Your objective ::
What you return should be the full listing, copied exactly and stripped of its pictures.

Information shown ::
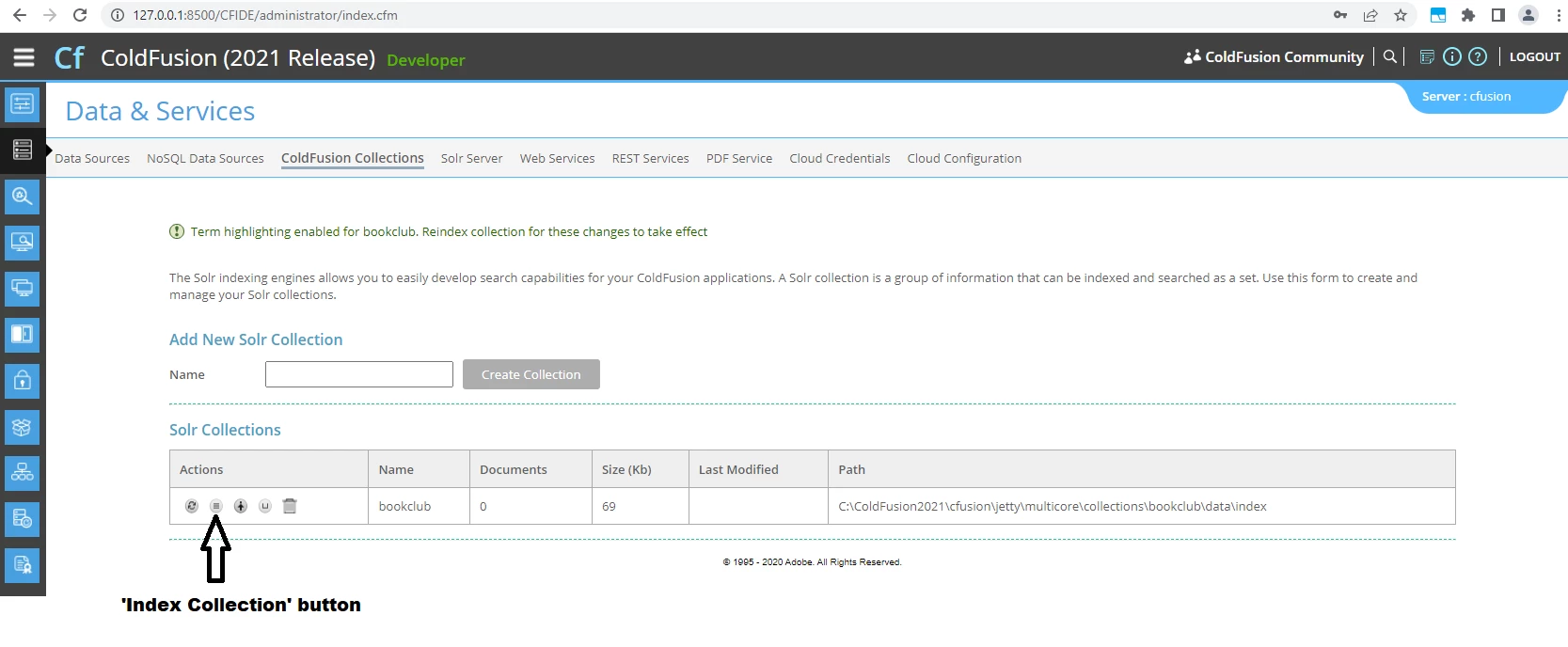 However I don't see a Manage Collection option on that page in Coldfusion Adminstrator (2021)
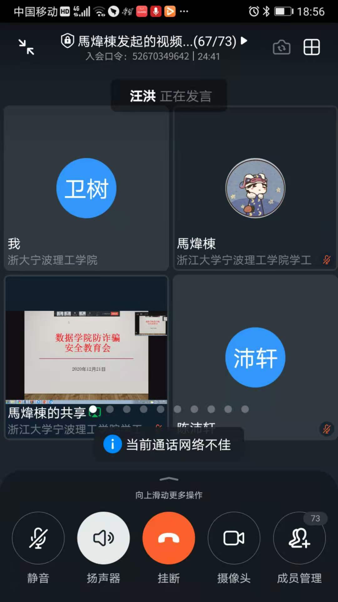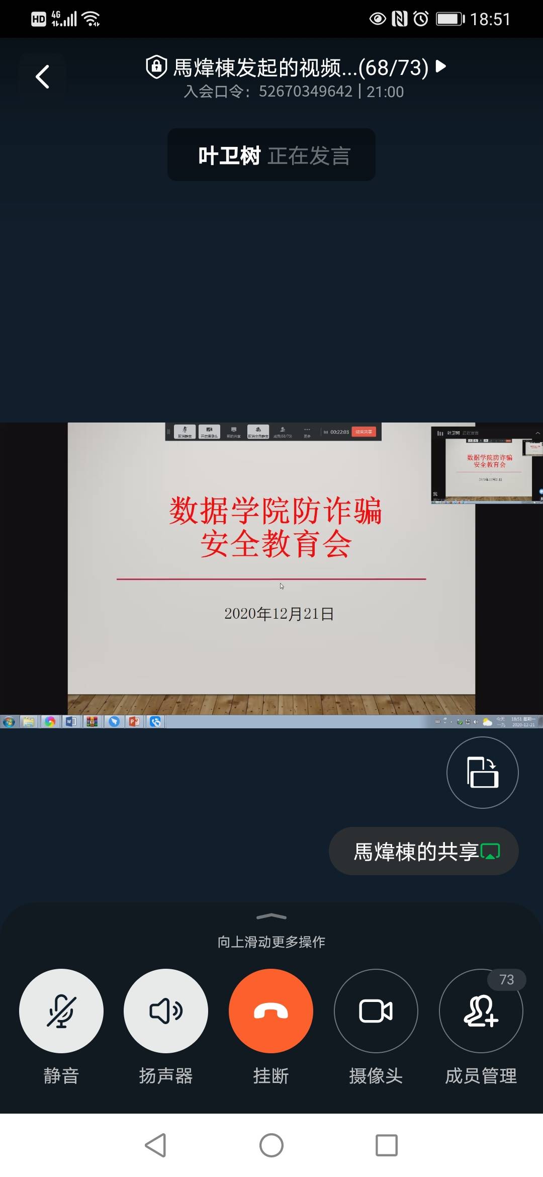 为增强员工安全防范意识,进一步提升员工防诈骗能力,意昂于2020年12月21日晚举办线上反诈骗安全宣讲会。公司保卫处副处长叶卫树老师、公司党委副书记汪洪老师出席,学工办老师和公司班长、生活委员参加。
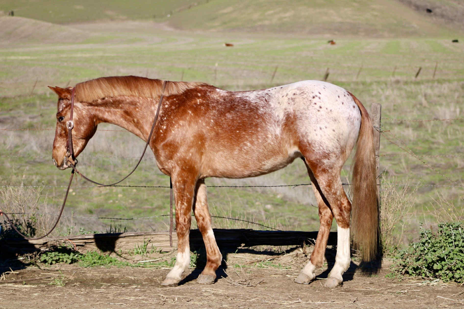 Biggs, a 10-year-old grade Appaloosa gelding who truly embodies everything a dependable trail partner should be. Stands 14.2 hands high, Biggs may be compact, but he carries himself with the calm confidence of a seasoned veteran. His gentle disposition and unshakeable steadiness makes him a horse that riders of all levels can trust and enjoy. Biggs is an expert on the trails. He has been ridden straight from the house, through town, and all the way to the beach, where like most of us, is happiest by the water. He has zero spook; nothing flusters him, and he remains calm, cool, and collected in every situation. Whether faced with traffic, farm equipment, wildlife, or unfamiliar terrain, Biggs approaches each new experience with quiet assurance. He is a true “point-and-go” type, Biggs never hesitates about direction and willingly travels wherever he is asked, making him an ideal companion for riders who value reliability. He even has a few fun tricks to show off—he will lay down with a light cue and sit up like a puppy, adding a bit of charm to his already lovable personality. Under saddle, Biggs is responsive and well-mannered. He neck reins lightly, listens to all cues with an easy, willing attitude, and moves with a nice medium-soft pace that keeps riders comfortable for hours. In the arena, he knows his leads, carries his head low, and stays relaxed and steady. On the ground, he is just as polite, handling easily for grooming, tacking, and everyday care. Biggs has been around cows, farm animals, traffic, and all sorts of noises, making him well-seasoned for the weekend warriors, or everyday riders. He is absolutely safe for anyone to ride, and his kind demeanor makes him a joy to be around. For riders seeking a trustworthy, unflappable, and fun trail horse with a willing heart, Biggs is the total package. He is located in Bitterwater, CA. for more information please contact Cheyenne at 831-537-8746.

Response to this task ::
 However I don't see a Manage Collection option on that page in Coldfusion Adminstrator (2021)
 为增强员工安全防范意识,进一步提升员工防诈骗能力,意昂于2020年12月21日晚举办线上反诈骗安全宣讲会。公司保卫处副处长叶卫树老师、公司党委副书记汪洪老师出席,学工办老师和公司班长、生活委员参加。
 Biggs, a 10-year-old grade Appaloosa gelding who truly embodies everything a dependable trail partner should be. Stands 14.2 hands high, Biggs may be compact, but he carries himself with the calm confidence of a seasoned veteran. His gentle disposition and unshakeable steadiness makes him a horse that riders of all levels can trust and enjoy. Biggs is an expert on the trails. He has been ridden straight from the house, through town, and all the way to the beach, where like most of us, is happiest by the water. He has zero spook; nothing flusters him, and he remains calm, cool, and collected in every situation. Whether faced with traffic, farm equipment, wildlife, or unfamiliar terrain, Biggs approaches each new experience with quiet assurance. He is a true “point-and-go” type, Biggs never hesitates about direction and willingly travels wherever he is asked, making him an ideal companion for riders who value reliability. He even has a few fun tricks to show off—he will lay down with a light cue and sit up like a puppy, adding a bit of charm to his already lovable personality. Under saddle, Biggs is responsive and well-mannered. He neck reins lightly, listens to all cues with an easy, willing attitude, and moves with a nice medium-soft pace that keeps riders comfortable for hours. In the arena, he knows his leads, carries his head low, and stays relaxed and steady. On the ground, he is just as polite, handling easily for grooming, tacking, and everyday care. Biggs has been around cows, farm animals, traffic, and all sorts of noises, making him well-seasoned for the weekend warriors, or everyday riders. He is absolutely safe for anyone to ride, and his kind demeanor makes him a joy to be around. For riders seeking a trustworthy, unflappable, and fun trail horse with a willing heart, Biggs is the total package. He is located in Bitterwater, CA. for more information please contact Cheyenne at 831-537-8746.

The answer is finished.